The Eckerts' initiative caught the attention of a broader group of
organizations trying to shift the laws around psychedelics. They were
invited to present at a meeting of the Multidisciplinary Association
for Psychedelic Studies, or MAPS. There, they met with other key
groups that would become backers of their project: David Bronner, the
chief executive of Dr. Bronner's soaps, which uses some of its profits
to support drug reform initiatives, and Graham Boyd, a co-founder of
the Psychedelic Science Funders Collaborative, who brought his
experience winning ballot initiative campaigns to the effort.

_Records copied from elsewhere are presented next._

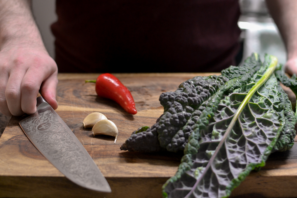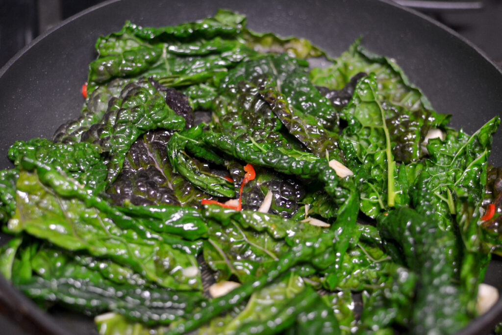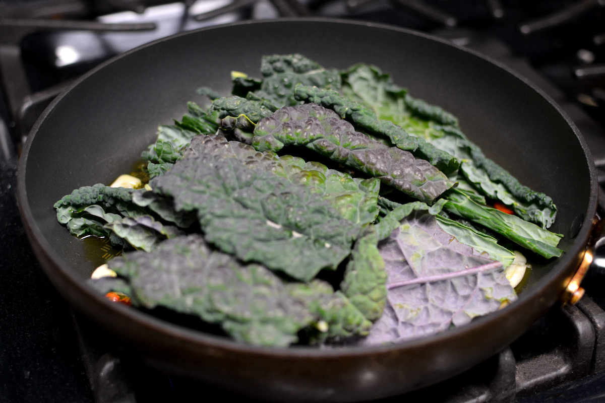 Add a tablespoon of extra virgin olive oil to a skillet placed over medium-high heat. Add the garlic and chili, cooking until the garlic just starts to turn golden. Toss in the kale and a sprinkle of salt. The kale will stop the garlic from burning. Sauté for 10 minutes or until the kale is tender.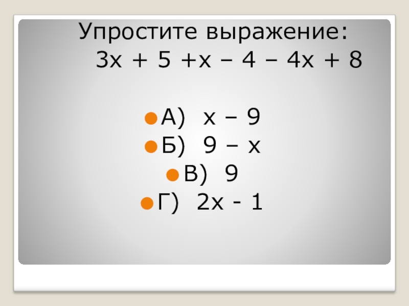 Упростите выражение:    3х + 5 +х – 4 – 4х +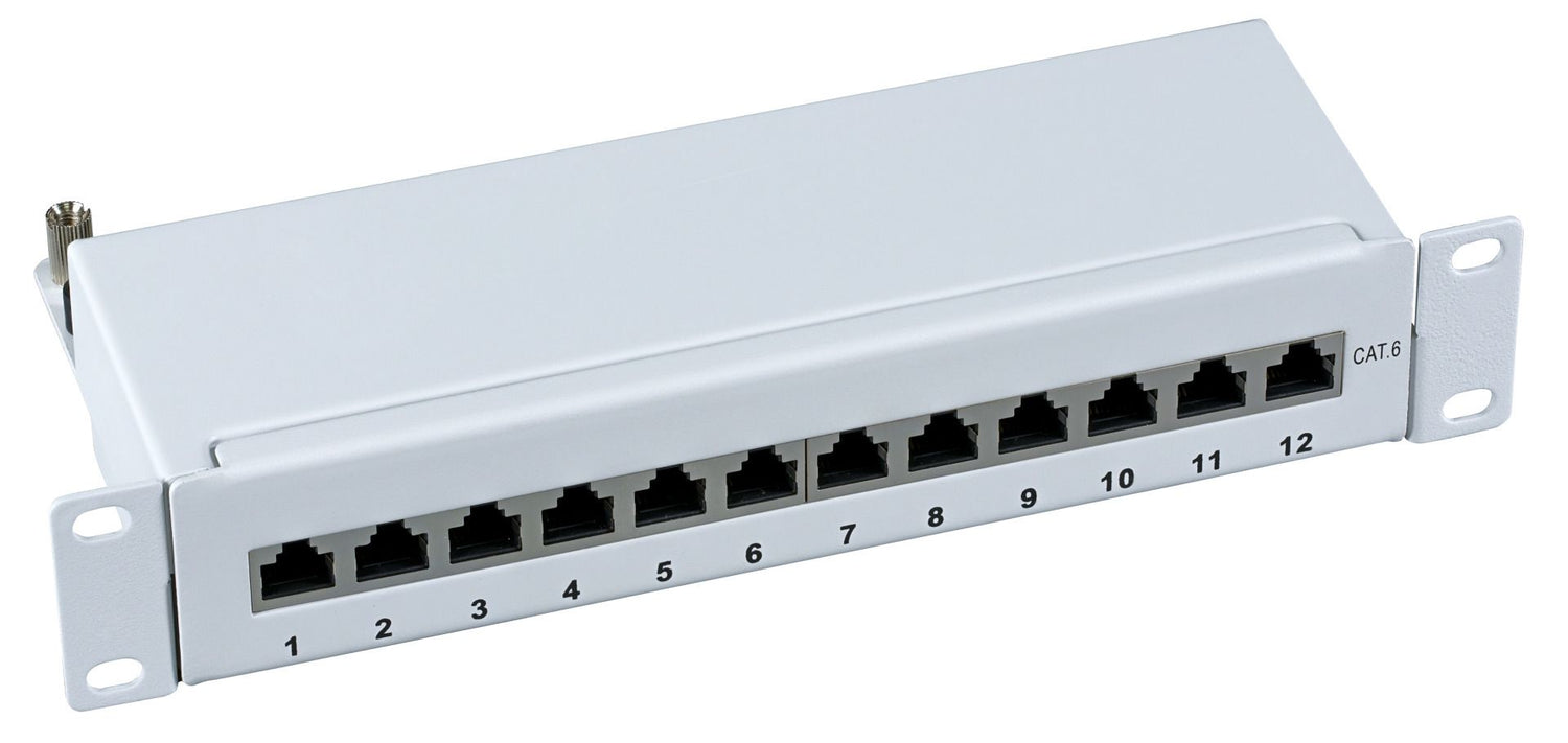 Die hohe Qualität des geschirmten Cat.6 RJ45 Mini-Patchpanels gewährleistet sehr gute Eigenschaften für 5 Gigabit Ethernet Anwendungen. Zudem zeichnet sich das Mini-Patchpanel durch seine vielfältigen Montagemöglichkeiten aus. Es ist für den Einbau in eine 10" Ebene, zur Befestigung an der Wand oder in Verbindung mit dem Hutschienenklemmset (Art.-Nr. H83030.1) zur Hutschienenmontage geeignet.<br><br>10" Montage/Wandbefestigung oder Hutschienenmontage möglich, 1HE<br>12 Ports<br>LSA Anschlussleiste für Verlegekabel AWG24..AWG22<br>Farbcode nach TIA/EIA 568 A/B<br>Deckel mit Schnellverschluss<br>Mit Erdungsklemme<br><br>Lieferumfang:<br>12 Kabelbinder, Montageanleitung<br>4 Schrauben (M6x16mm) und Mutter

MAPS, which is led by its founder, Rick Doblin, is at the center of
the decades-long effort to revive research into the medical benefits
of psychedelics and is currently deep in F.D.A. trials to get MDMA, an
empathogenic chemical associated with the drug ecstasy, approved as a
treatment for post-traumatic stress disorder. Doblin supports the
Oregon initiative, but he is cautious about the difficulties inherent
in getting it right. How will facilitators be trained? How will
patients be screened? Psilocybin remains illegal at the federal level,
and the federal government could choose to act on that at any time, he
noted. In the early years of state cannabis legalization, there were
raids on dispensaries. "I worry those with the most at stake in terms
of licenses will be fearful of participating, when those are the
people we most want to participate," Doblin told me.

Lurking in Doblin's comments is a concern I heard from many reformers
working to change the legal status of psychedelics: Too much, too fast
could imperil decades of hard work and steady progress. A few stories,
even exaggerated ones, of harmful trips and incompetent or predatory
facilitators, could turn this into a rerun of the '70s, when society
turned sharply against these substances. "There's a real Achilles'
heel," Boyd told me. "Public opinion can really turn against this.
Just because you've got science on your side doesn't mean public
policy will follow." It was his influence, in part, that got a
two-year implementation process included in the ballot initiative,
where regulators and scientists could come together to carefully
devise the program and to roll it out slowly, with plenty of public
education and legal consideration.

What's striking to me about Measure 109, though, is that it breaks
away from the medicalization-legalization binary that has defined drug
reform for the past few decades. It does not allow anyone to sell
psilocybin pills in stores. Nor does it restrict treatment to those
with a diagnosis of mental illness. The measure does not grudgingly
accept psilocybin as the lesser evil compared with, say, the drug war
or PTSD. Instead, it is based on the idea that psilocybin has the
potential to change our lives for the good, whether we are sick or
well, and so it is worth investing in the frameworks and safeguards so
that it can be used safely and productively. It would be foolish to
posit psilocybin-assisted therapy as an answer to all that ails our
society, or even our mental health system. But it would be one more
option for those who need it, and both evidence and anecdote suggest
it would be life-changing for many. That would be enough. That would
be so much.

"Oregon has always been a pioneer state," Korthuis told me. "It's been
a hotbed of innovation around drug policy for at least 25 years. This
is just the next contribution in that history."